*WORK ITEM*.
Each record below needs to be written out exactly as it appears.

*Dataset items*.
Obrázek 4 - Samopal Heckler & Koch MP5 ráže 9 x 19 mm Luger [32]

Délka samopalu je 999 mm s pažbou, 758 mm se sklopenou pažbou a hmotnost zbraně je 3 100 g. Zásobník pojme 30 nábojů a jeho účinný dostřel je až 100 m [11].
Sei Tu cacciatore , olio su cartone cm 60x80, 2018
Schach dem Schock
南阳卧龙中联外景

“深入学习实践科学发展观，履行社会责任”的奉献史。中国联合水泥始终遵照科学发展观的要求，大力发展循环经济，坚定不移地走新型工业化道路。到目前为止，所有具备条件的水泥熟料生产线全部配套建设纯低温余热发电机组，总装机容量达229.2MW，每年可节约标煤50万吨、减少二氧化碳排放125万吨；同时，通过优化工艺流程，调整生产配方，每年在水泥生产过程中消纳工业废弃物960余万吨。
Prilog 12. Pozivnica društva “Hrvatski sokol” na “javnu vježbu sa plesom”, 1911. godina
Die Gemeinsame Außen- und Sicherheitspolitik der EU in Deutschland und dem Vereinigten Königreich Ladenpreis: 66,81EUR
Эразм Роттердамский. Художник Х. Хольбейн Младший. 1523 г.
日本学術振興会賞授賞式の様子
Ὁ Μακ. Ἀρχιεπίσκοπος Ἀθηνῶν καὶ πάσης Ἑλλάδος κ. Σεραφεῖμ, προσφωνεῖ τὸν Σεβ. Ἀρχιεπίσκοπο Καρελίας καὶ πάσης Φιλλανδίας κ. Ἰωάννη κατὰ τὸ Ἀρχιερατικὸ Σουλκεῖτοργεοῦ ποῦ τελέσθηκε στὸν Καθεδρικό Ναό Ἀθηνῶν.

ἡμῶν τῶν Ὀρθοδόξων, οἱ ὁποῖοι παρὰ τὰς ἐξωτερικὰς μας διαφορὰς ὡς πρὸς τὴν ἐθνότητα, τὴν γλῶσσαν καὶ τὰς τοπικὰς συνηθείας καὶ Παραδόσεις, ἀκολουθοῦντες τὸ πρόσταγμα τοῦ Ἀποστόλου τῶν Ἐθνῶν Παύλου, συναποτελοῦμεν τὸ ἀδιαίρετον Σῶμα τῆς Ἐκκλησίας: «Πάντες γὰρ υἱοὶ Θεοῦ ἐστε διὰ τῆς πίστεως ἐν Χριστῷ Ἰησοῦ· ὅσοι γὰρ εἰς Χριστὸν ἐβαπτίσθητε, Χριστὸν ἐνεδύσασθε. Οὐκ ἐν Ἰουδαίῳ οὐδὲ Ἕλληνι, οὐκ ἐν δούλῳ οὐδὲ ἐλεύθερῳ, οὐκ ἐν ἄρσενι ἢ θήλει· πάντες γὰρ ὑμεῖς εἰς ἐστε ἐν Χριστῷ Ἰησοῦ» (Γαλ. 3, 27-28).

*RESPONSE BOX*.
Obrázek 4 - Samopal Heckler & Koch MP5 ráže 9 x 19 mm Luger [32]

Délka samopalu je 999 mm s pažbou, 758 mm se sklopenou pažbou a hmotnost zbraně je 3 100 g. Zásobník pojme 30 nábojů a jeho účinný dostřel je až 100 m [11].
Sei Tu cacciatore , olio su cartone cm 60x80, 2018
Schach dem Schock
南阳卧龙中联外景

“深入学习实践科学发展观，履行社会责任”的奉献史。中国联合水泥始终遵照科学发展观的要求，大力发展循环经济，坚定不移地走新型工业化道路。到目前为止，所有具备条件的水泥熟料生产线全部配套建设纯低温余热发电机组，总装机容量达229.2MW，每年可节约标煤50万吨、减少二氧化碳排放125万吨；同时，通过优化工艺流程，调整生产配方，每年在水泥生产过程中消纳工业废弃物960余万吨。
Prilog 12. Pozivnica društva “Hrvatski sokol” na “javnu vježbu sa plesom”, 1911. godina
Die Gemeinsame Außen- und Sicherheitspolitik der EU in Deutschland und dem Vereinigten Königreich Ladenpreis: 66,81EUR
Эразм Роттердамский. Художник Х. Хольбейн Младший. 1523 г.
日本学術振興会賞授賞式の様子
Ὁ Μακ. Ἀρχιεπίσκοπος Ἀθηνῶν καὶ πάσης Ἑλλάδος κ. Σεραφεῖμ, προσφωνεῖ τὸν Σεβ. Ἀρχιεπίσκοπο Καρελίας καὶ πάσης Φιλλανδίας κ. Ἰωάννη κατὰ τὸ Ἀρχιερατικὸ Σουλκεῖτοργεοῦ ποῦ τελέσθηκε στὸν Καθεδρικό Ναό Ἀθηνῶν.

ἡμῶν τῶν Ὀρθοδόξων, οἱ ὁποῖοι παρὰ τὰς ἐξωτερικὰς μας διαφορὰς ὡς πρὸς τὴν ἐθνότητα, τὴν γλῶσσαν καὶ τὰς τοπικὰς συνηθείας καὶ Παραδόσεις, ἀκολουθοῦντες τὸ πρόσταγμα τοῦ Ἀποστόλου τῶν Ἐθνῶν Παύλου, συναποτελοῦμεν τὸ ἀδιαίρετον Σῶμα τῆς Ἐκκλησίας: «Πάντες γὰρ υἱοὶ Θεοῦ ἐστε διὰ τῆς πίστεως ἐν Χριστῷ Ἰησοῦ· ὅσοι γὰρ εἰς Χριστὸν ἐβαπτίσθητε, Χριστὸν ἐνεδύσασθε. Οὐκ ἐν Ἰουδαίῳ οὐδὲ Ἕλληνι, οὐκ ἐν δούλῳ οὐδὲ ἐλεύθερῳ, οὐκ ἐν ἄρσενι ἢ θήλει· πάντες γὰρ ὑμεῖς εἰς ἐστε ἐν Χριστῷ Ἰησοῦ» (Γαλ. 3, 27-28).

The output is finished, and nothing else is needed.